James Monroe "Roe" Reisinger (October 28, 1842 – May 25, 1925) was an American soldier who fought with the Union Army in the American Civil War. Reisinger received his country's highest award for bravery during combat, the Medal of Honor, for actions taken on July 1, 1863 during the Battle of Gettysburg.

==Early life==
Reisinger was born in Fallston, Pennsylvania in 1842 to Charles and Providence Reisinger. At age 2, the family moved to Venango County, Pennsylvania, and worked as farmers, lumberers, and blacksmiths. After six years, the family moved yet again, to Meadville, Pennsylvania where Roe attended school for three years, attending the Meadville Academy.

==Civil War service==
At the onset of the Civil War, Reisinger enlisted with the 150th Pennsylvania Infantry Regiment and was assigned to Company H. His first conflict was at the Battle of Gettysburg where he served as one of the color corporals for his regiment. At around 2 o'clock, Reisinger was wounded by a musket shot to the ball of the right foot and had to proceed on crutches.
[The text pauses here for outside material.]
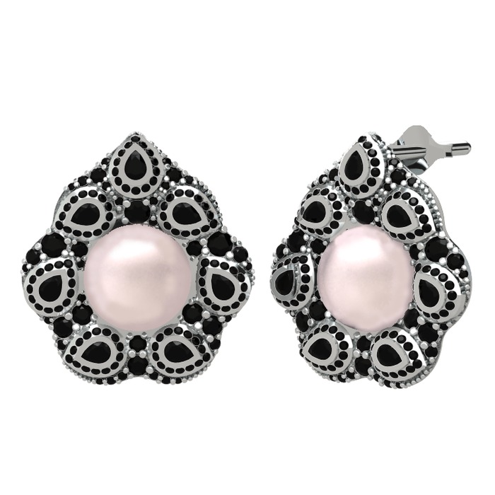 Pembe inci ve siyah zirkon 925 ayar gümüş küpe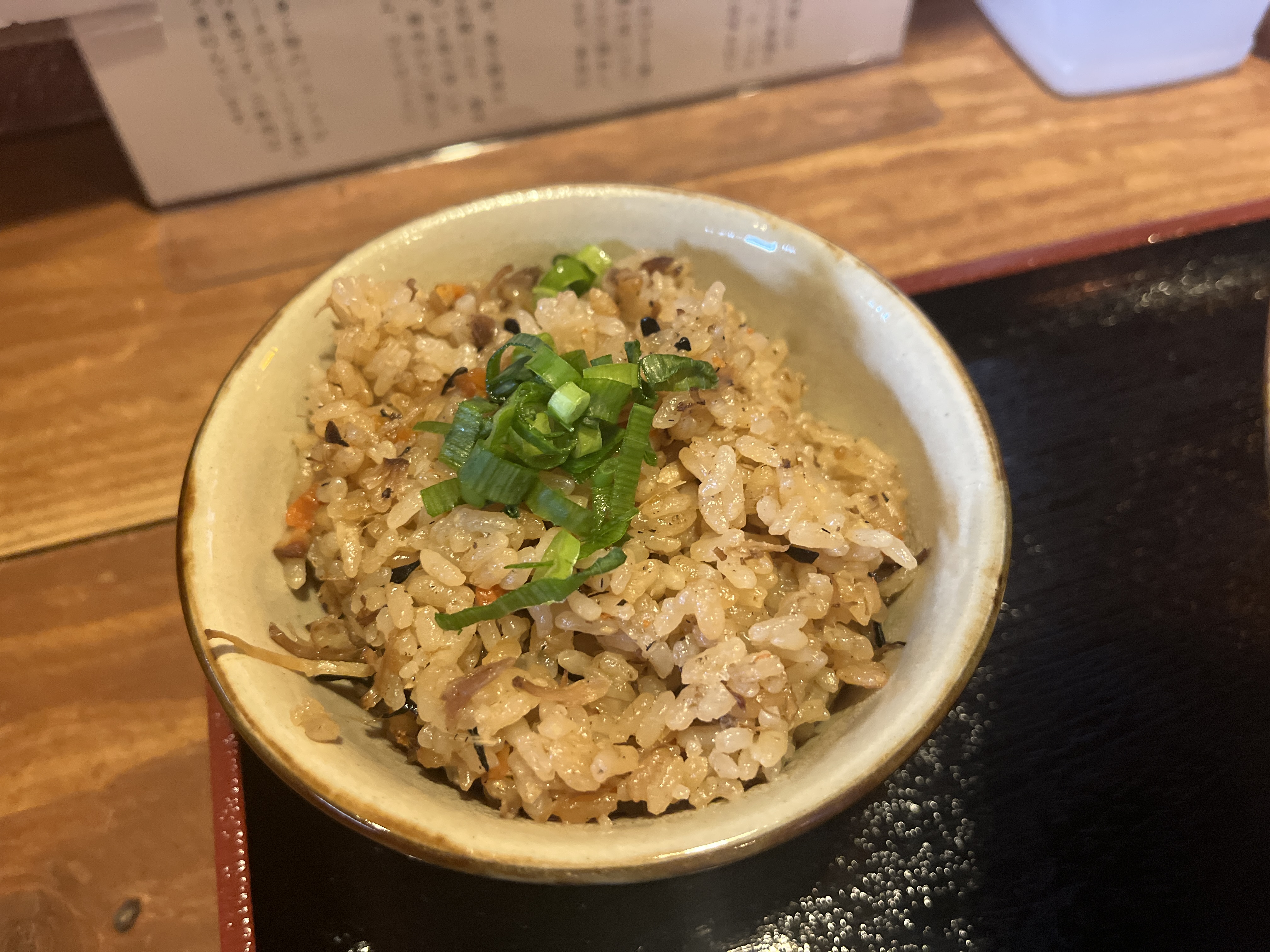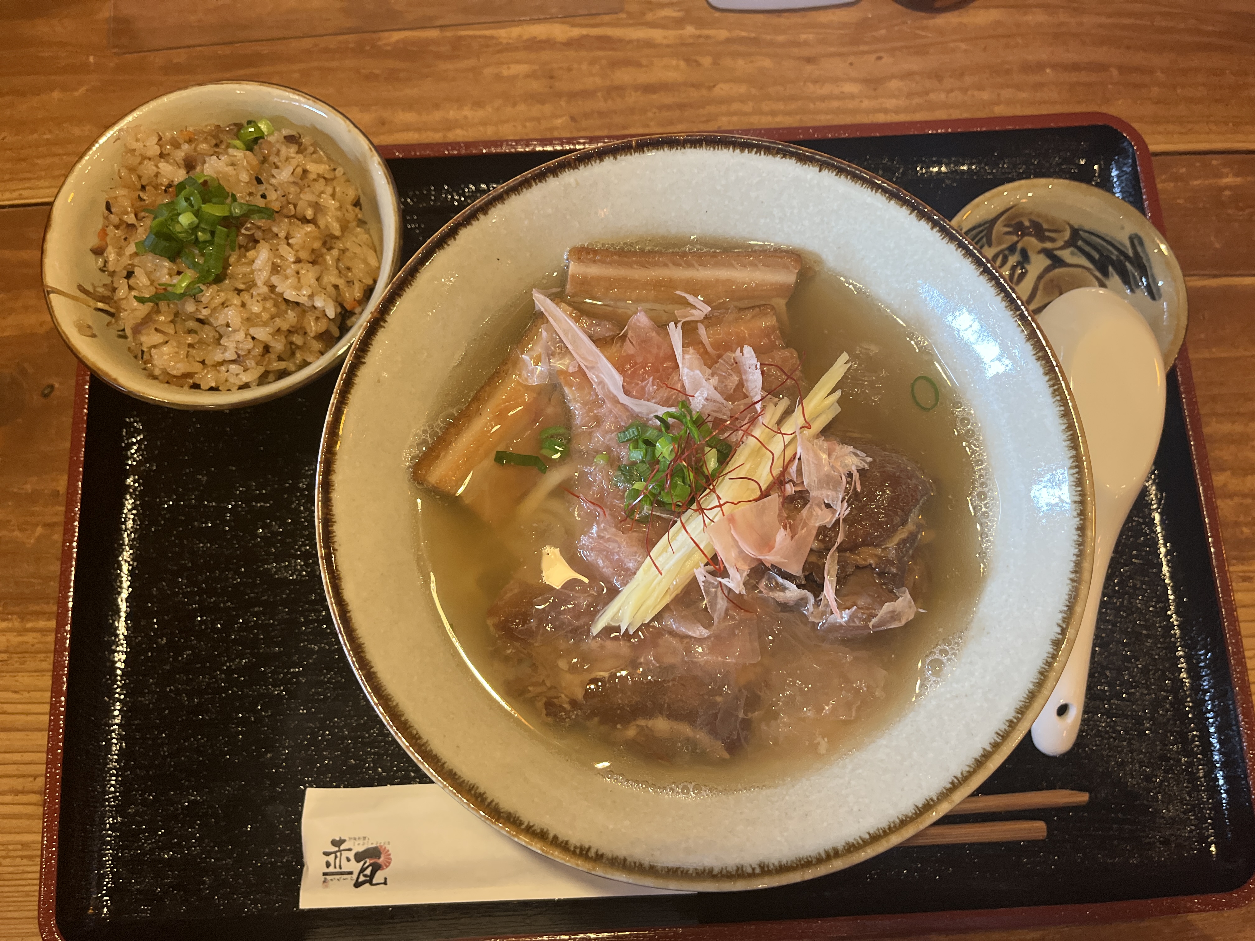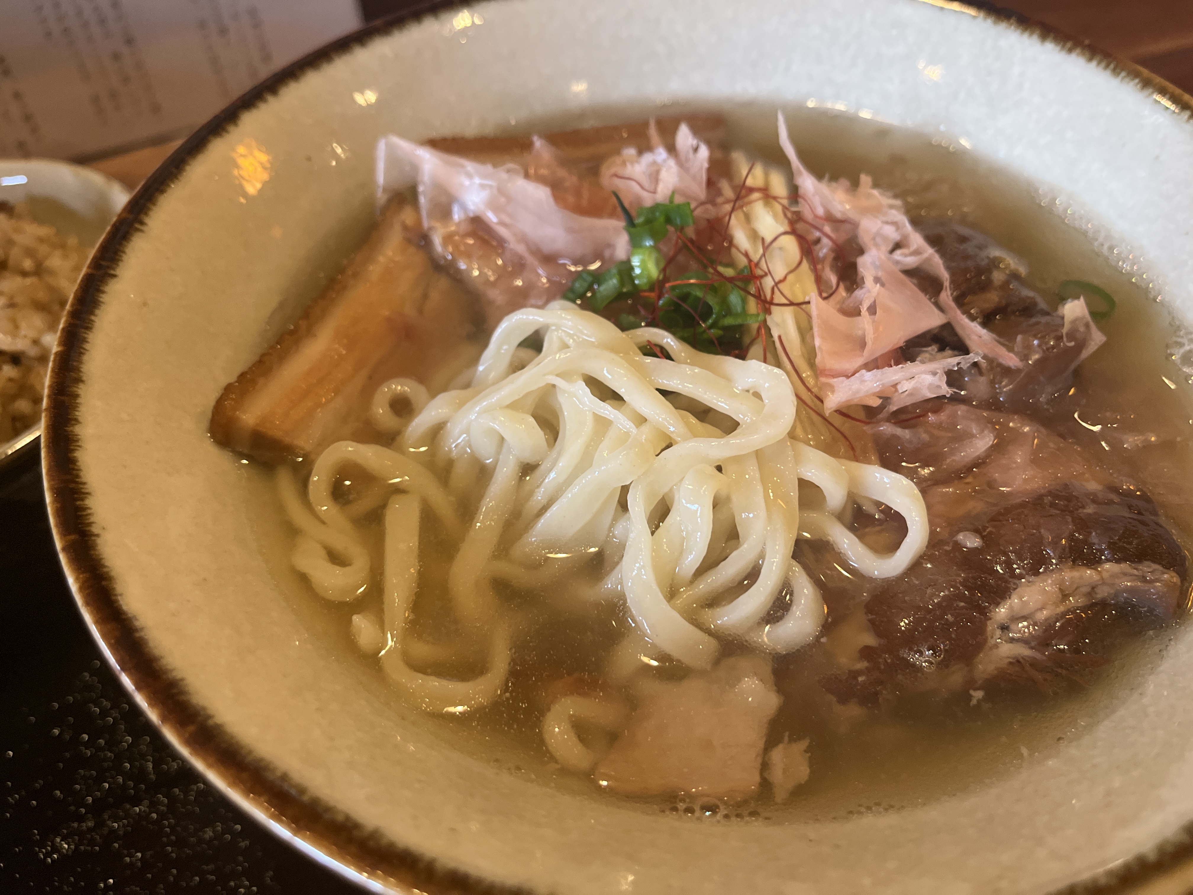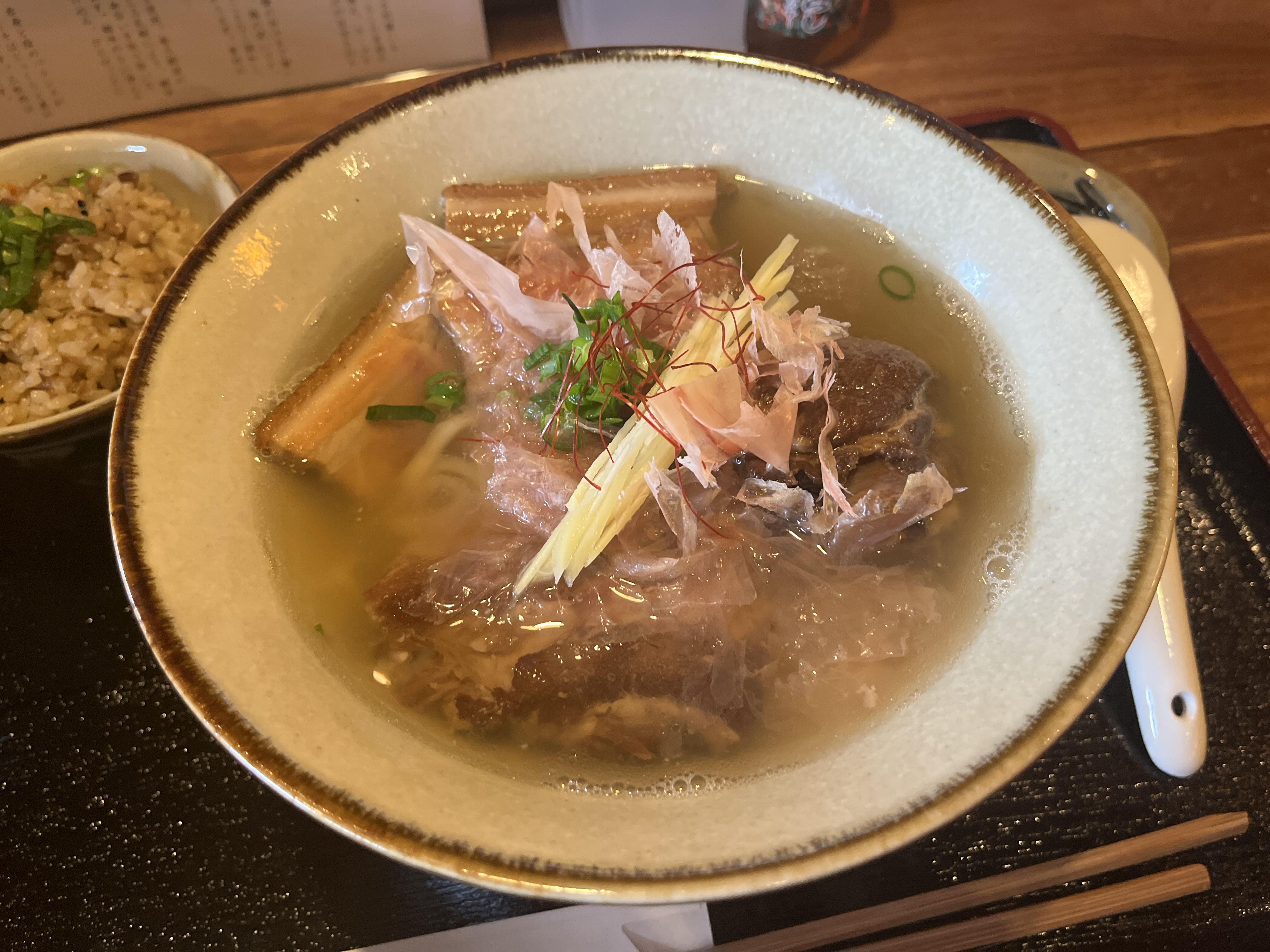 メニュー表やInstagram見てると、沖縄そばの拘りは、すんごいたくさん書いてるが、じゅーしーについては、全く書かれてない。。。のに!じゅーしーも美味いっす!私は、あっさりパラパラが好きですが、コチラはコクありしっとりタイプ。好みと逆だが、美味い!食堂系のじゅーしーと違う。沖縄料理屋さんのじゅーしーですね。一口食べると箸が止まらない。(沖縄そばとバランス良く交互に食べたいけど)油断すると、一気に完食しちゃいそうです。

Told to fall to the back of the unit, he refused, and marched forward on his heel. The 150th engaged a large Confederate advance near the McPherson house, and here Reisinger was shot a second time, in the right leg. As he fell back he was shot for a third time, in the right hip. Reisinger was held in a hospital for nearly a year, with the final musket ball extracted in May, 1864. For his valor during the fight, Reisinger was awarded the Medal of Honor on January 25, 1907.

After his recovery, Reisinger was assigned to Company B of the 14th Reserve Corps, and then served as an officer in the 114th Regiment Infantry U.S. Colored Troops in Texas until 1867.

==Medal of Honor citation==

The President of the United States of America, in the name of Congress, takes pleasure in presenting the Medal of Honor to Corporal James Monroe Reisinger, United States Army, for extraordinary heroism on 1 July 1863, while serving with Company H, 150th Pennsylvania Infantry, in action at Gettysburg, Pennsylvania, for specially brave and meritorious conduct in the face of the enemy.

==Personal life==
After his service, Reisinger studied law and was admitted to the bar, practicing in Meadville. He also worked as a newspaper publisher, and worked with the Galena-Signal Oil Company until retirement.

Reisinger died in 1925 at the age of 82.